The Chicago Teachers Union President Stacy Davis Gates said the Chicago Teachers Union believes in rank-and-file leadership. Every member of the union, which is 30,000, has an opportunity to submit contract proposals. Those proposals have gone through a process where members vote on every proposal to ensure that those proposals reflect the needs of every component of the union’s membership.
“We believe that the people who are closest to the impact of policy deserve to have an opportunity to create and form the policy that we push at the bargaining table,” Davis Gates said.
Some of the points for the contract include special education, dual language programs, sports programs, fine arts programs and career technology education programs.
The Chicago Teachers Union bargains for its classrooms in terms of the school community and bargains for the wider community because the schools are in the wider community. It practices common good bargaining. The union believes that public education is a common good.
“The vast majority of Chicagoans will go to a public school and if you want to do right by Chicago, you want to think about how you do that with respect to the school district,” Davis Gates said.
In 2019, Chicago Teachers Union took up housing. Davis Gates said that 20,000 of the district’s students are unhoused and 80% of those students are Black. She said it was a reflection of the destruction of public housing and the replacement housing that did not follow after that destruction and the lack of affordable housing in the city.
She said lack of stability doesn’t give a school a classroom full of students who are on time and ready to learn, it results in a classroom of students who need more. The union was able to get added staffing to support students who were experiencing being unhoused. This year, in the contract, the CTU wants the CHA lists to open and to give CPS students and their families priority.

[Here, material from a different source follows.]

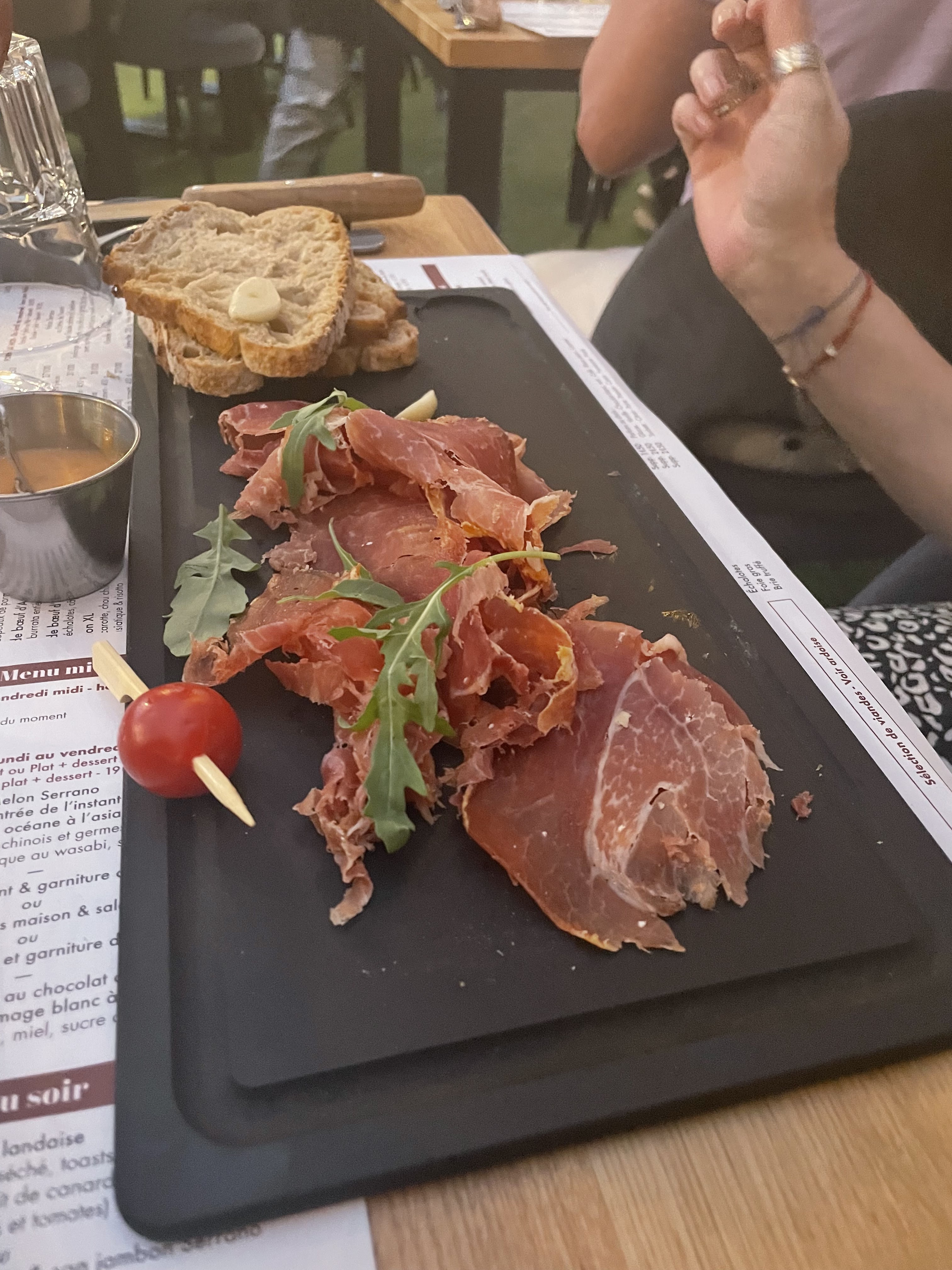 Restaurant à la bonne franquette , spécialité de viandes. Les viandes dans les plats du jours sont correctes mais ne valent pas le détour. Si l’on veux vraiment de la bonne viande il faut y mettre le prix , et dans ces ordre de prix ça me paraît cher pour l’endroit . Attention dans l’une des entrées ( en photo ) , il y avait du porc . Or ce n’était pas spécifié et nous n’en mangeons pas . Nous avions demandé du citron avec l’eau gazeuse , à trois reprise nous avons dû relancer car nous avions été oublié. Ce ne sont que des détails peu importants mais je pense qu’il faut y être vigilants .

“That both stabilizes the enrollment at the district and it also stabilizes a household,” Davis Gates said.
Davis Gates said that CTU believes every school should have a fine arts program with band, orchestra, choir and art. She said those things round out the educational experience for students. The contract proposals also include the recruitment of more Black teachers.
“We can’t continue to leave opportunities on the ground. We know when children have Black teachers, those Black teachers have a significant impact on their achievement,” Davis Gates said.
As a teacher, Davis Gates has had students come back and tell her the type of expectation and instruction she offered them was important including the cultural element that was there. Those students believed they could achieve big things because they saw their teachers as a manifestation of the work.
Davis Gates and the Chicago Teachers Union went to Springfield to get more resources. It means more funding for wraparound support – social workers, counselors and librarians – in the schools. CTU is also asking the district to create sustainable community schools. She gave the example of James Beidler Elementary School on the city’s West Side. It was slated for closure, the school community organized and fought to keep the school open. Beidler is a sustainable community school, which means it receives more resources and it is done with Blocks Together, a community organization that provides support for the students and families.
“You get this well-rounded experience that draws in the community, invites the parents in and also gives them some agency how their children are educated, what types of support are located in the school, because they get more resources … as a result, Beidler has been climbing in every category of achievement,” Davis Gates said.